Prep the lentils: Rinse the lentils under cool water and pick out any small stones or debris. No soaking needed.
Sauté the base: In a large pot, warm the olive oil over medium heat. Add the onion, carrots, and celery.
Cook 6–8 minutes, stirring, until the onion is soft and translucent.
Bloom the aromatics: Add the garlic, oregano, and cumin (if using). Cook 30–60 seconds until fragrant. Don’t let the garlic brown.
Add lentils and tomatoes: Stir in the lentils and crushed tomatoes until everything is coated and glossy.
Pour in liquid: Add 6 cups of water or broth and drop in the bay leaves.
Bring to a boil, then reduce to a gentle simmer.
Simmer patiently: Partially cover and cook 30–40 minutes, stirring occasionally, until the lentils are tender but hold their shape. Add more liquid if the soup gets too thick.

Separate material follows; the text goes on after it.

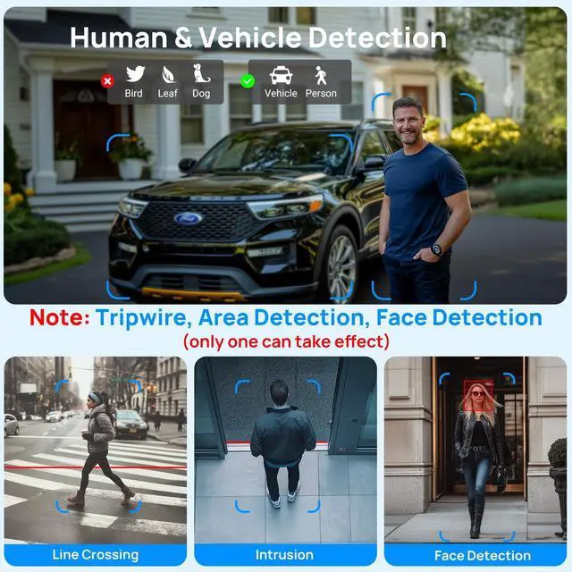 Super F 1.0 Full Color Wide Angle PoE Turret Camera- This 8mp full color poe camera outdoor can be used in extremely dark scenes, with excellent full-color technology and F 1.0 large aperture lens. Ultra HD 8MP (3840 x 2160) 20fps resolution have 1/ 2.8 8 Megapixel Scan CMOS high-performance sensor and 2.8 mm fixed lens provide an ultra-wide viewing angle of 112, and rich-color night vision screens provide you with critical evidences like the color of clothes or a car, even in total darkness. ^^ Smart AI Human/Vehicle Detection & Built in Mic - This full color 8mp ip camera is advanced person/vehicle detection based on cutting-edge detection algorithms helps identify real threats, and when an alarm occurs, the 8mp poe camera captures it in time and sends an alarm message to your phone, the accuracy rate is up to 99%.

Season and brighten: Remove the bay leaves. Stir in salt, pepper, and 2 tablespoons red wine vinegar.
Taste and adjust: add more vinegar for tang, a pinch of sugar if the tomatoes are sharp, or more salt as needed.
Finish and serve: Drizzle with good olive oil and sprinkle with chopped parsley. Serve hot with crusty bread and extra vinegar on the table.